Legal matters. We may from time to time become party to various legal proceedings or claims that arise in the ordinary course of business.
Item 2. Management’s Discussion and Analysis of Financial Condition and Results of Operations
The following discussion and analysis should be read in conjunction with our condensed financial statements and the related notes to those statements included in this Quarterly Report, the discussion of certain risks and uncertainties contained in Part II, Item 1A of this Quarterly Report, the discussion under “Management’s Discussion and Analysis of Financial Condition and Results of Operations” and “Business” included in our Annual Report filed on Form 10-K for the fiscal year ended December 31, 2019 and the cautionary information regarding forward-looking statements at the beginning of this Quarterly Report.
Our Business
We develop, manufacture, market and distribute Magnetic Resonance Imaging (“MRI”) compatible medical devices and accessories and services relating to them.
We are a leader in the development of innovative MRI compatible medical devices. We are the only known provider of a non-magnetic intravenous (“IV”) infusion pump system that is specifically designed to be safe for use during MRI procedures. We were the first to develop an infusion delivery system that largely eliminates many of the dangers and problems present during MRI procedures. Standard infusion pumps contain magnetic and electronic components which can create radio frequency interference and are dangerous to operate in the presence of the powerful magnet that drives an MRI system. Our patented MRidium® MRI compatible IV infusion pump system has been designed with a non-magnetic ultrasonic motor, uniquely designed non-ferrous parts and other special features to safely and predictably deliver anesthesia and other IV fluids during various MRI procedures. Our pump solution provides a seamless approach that enables accurate, safe and dependable fluid delivery before, during and after an MRI scan, which is important to critically-ill patients who cannot be removed from their vital medications, and children and infants who must generally be sedated to remain immobile during an MRI scan.
Each IV infusion pump system consists of an MRidium® MRI compatible IV infusion pump, non-magnetic mobile stand, proprietary disposable IV tubing sets and many of these systems contain additional optional upgrade accessories.
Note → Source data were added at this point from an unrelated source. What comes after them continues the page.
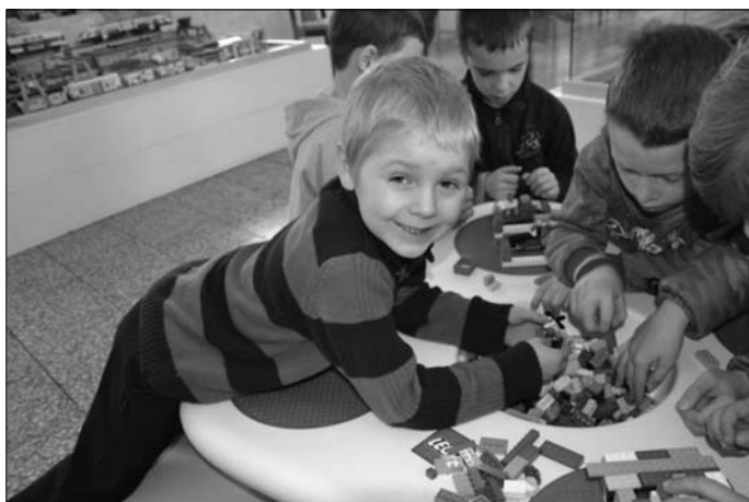
Výlet vlakem 02. 04. na výstavu stavebnice LEGO
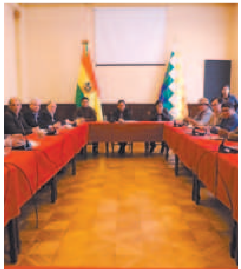
Una reunión anterior con los jefes de bancada de los partidos en la Vicepresidencia.

Los senadores que responden a la línea del expresidente Evo Morales y a las bancadas opositoras de Creemos y Comunidad Ciudadana (CC) fracasaron ayer en su intento de aprobar una ley corta interpretativa de la 1549 Transitoria para las Elecciones Judiciales 2024 por trámite de dispensación en la sesión que se instaló en la Cámara Alta.
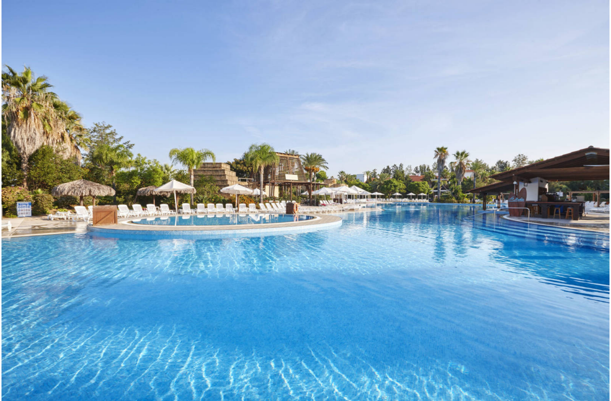
Hotel El Paso

Our 3880 MRI compatible patient vital signs monitoring system has been designed with non-magnetic components and other special features to safely and accurately monitor a patient’s vital signs during various MRI procedures. The IRADIMED 3880 system operates dependably in magnetic fields up to 30,000 gauss, which means it can operate virtually anywhere in the MRI scanner room. The IRADIMED 3880 has a compact, lightweight design allowing it to travel with the patient from their critical care unit, to the MRI and back, resulting in increased patient safety through uninterrupted vital signs monitoring and decreasing the amount of time critically ill patients are away from critical care units. The features of the IRADIMED 3880 include: wireless ECG with dynamic gradient filtering; wireless SpO2 using Masimo® algorithms; non-magnetic respiratory CO2; invasive and non-invasive blood pressure; patient temperature, and; optional advanced multi-gas anesthetic agent unit featuring continuous Minimum Alveolar Concentration measurements. The IRADIMED 3880 MRI compatible patient vital signs monitoring system has an easy-to-use design and allows for the effective communication of patient vital signs information to clinicians.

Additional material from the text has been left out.